» WHAT THIS TASK INVOLVES
Reproduce the whole of the records exactly, and make sure no picture is carried into the result.

» INFORMATION GIVEN
········
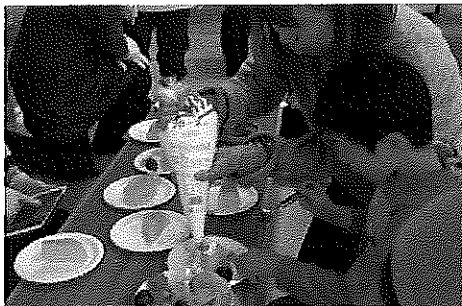
自分でケーキをトッピングしよう！
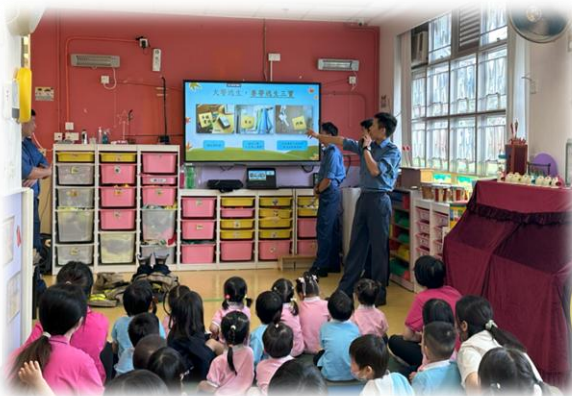
原來逃生三寶是鎖匙、濕毛巾及電話。
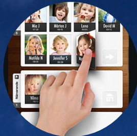
Nuddis närvaro-system införs
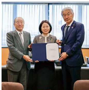
自見大臣(中央)への建議 (2023年12月26日)

協創アクションプログラム)を含めて、地域間連携をはじめ各地における地域協創に向けた取り組みを展開・推進していく。
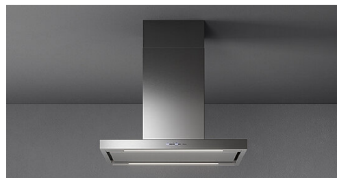
Poglądowe zdjęcie produktu. Zdjęcie może dokładnie nie odpowiadać wybranej wersji.
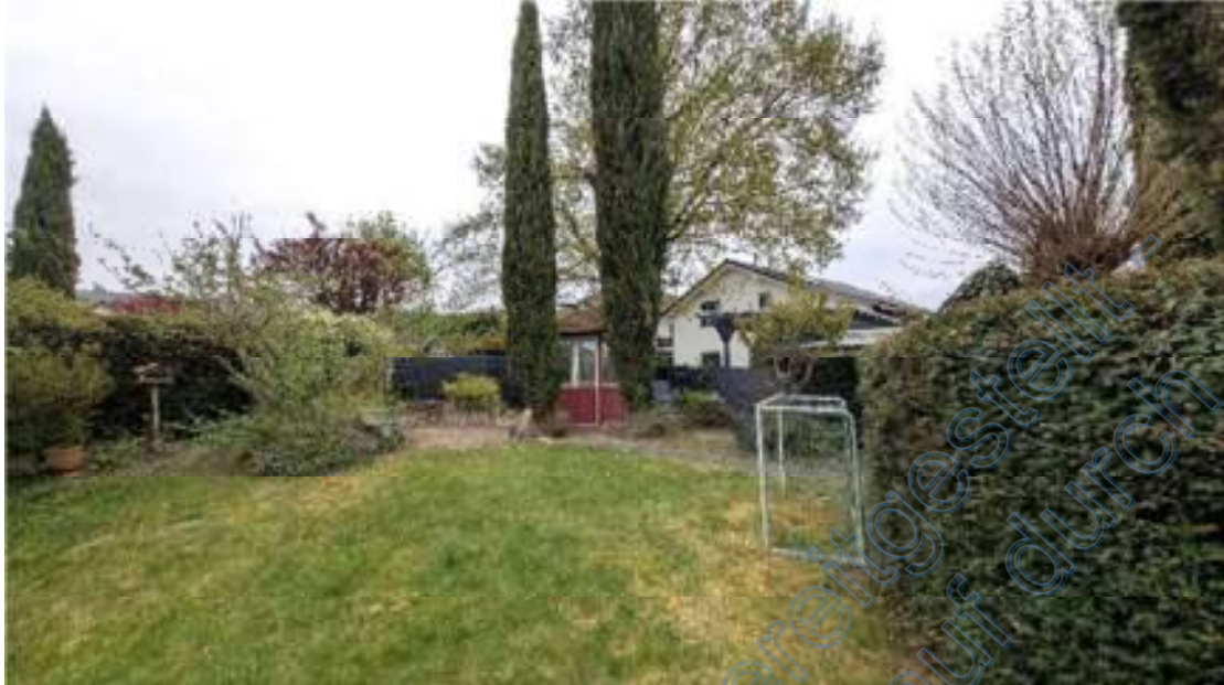
Bild B9 exemplarische Gartenansicht

Von immobilienpool.de bereitgestellt - Weitergabe an oder Verkauf durch Dritte ist untersagt!
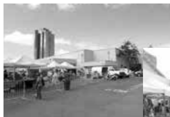
「カカオファーマーズ・マーケット」
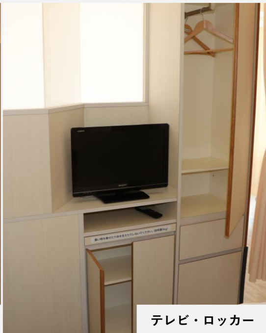
テレビ・ロッカー
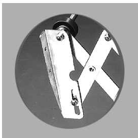
Pieza unión máquina
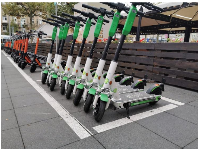
Abbildung 3: Für Batterien aus Leichten Verkehrsmitteln wie z.B. aus E-Scootern muss die Sammelstruktur deutlich verbessert werden, um neue EU-Vorgaben einzuhalten.

Da LV-Batterien bei falscher Entsorgung besonderen Risiken unterliegen und besonders viele Wertstoffe enthalten, sollte Deutschland ein Pfandsystem für diese Batterien etablieren. Auch wenn die EU-Batterieverordnung versäumt hat, eine Grundlage für ein EU-weites Pfandsystem zu etablieren, sollte die Bundesregierung über nationale Best-Practice-Beispiele den Weg für ein Europaweites Pfandsystem für LV-Batterien ebnen.
········
» RESULT
自分でケーキをトッピングしよう！
原來逃生三寶是鎖匙、濕毛巾及電話。
Nuddis närvaro-system införs
自見大臣(中央)への建議 (2023年12月26日)

協創アクションプログラム)を含めて、地域間連携をはじめ各地における地域協創に向けた取り組みを展開・推進していく。
Poglądowe zdjęcie produktu. Zdjęcie może dokładnie nie odpowiadać wybranej wersji.
Bild B9 exemplarische Gartenansicht

Von immobilienpool.de bereitgestellt - Weitergabe an oder Verkauf durch Dritte ist untersagt!
「カカオファーマーズ・マーケット」
テレビ・ロッカー
Pieza unión máquina
Abbildung 3: Für Batterien aus Leichten Verkehrsmitteln wie z.B. aus E-Scootern muss die Sammelstruktur deutlich verbessert werden, um neue EU-Vorgaben einzuhalten.

Da LV-Batterien bei falscher Entsorgung besonderen Risiken unterliegen und besonders viele Wertstoffe enthalten, sollte Deutschland ein Pfandsystem für diese Batterien etablieren. Auch wenn die EU-Batterieverordnung versäumt hat, eine Grundlage für ein EU-weites Pfandsystem zu etablieren, sollte die Bundesregierung über nationale Best-Practice-Beispiele den Weg für ein Europaweites Pfandsystem für LV-Batterien ebnen.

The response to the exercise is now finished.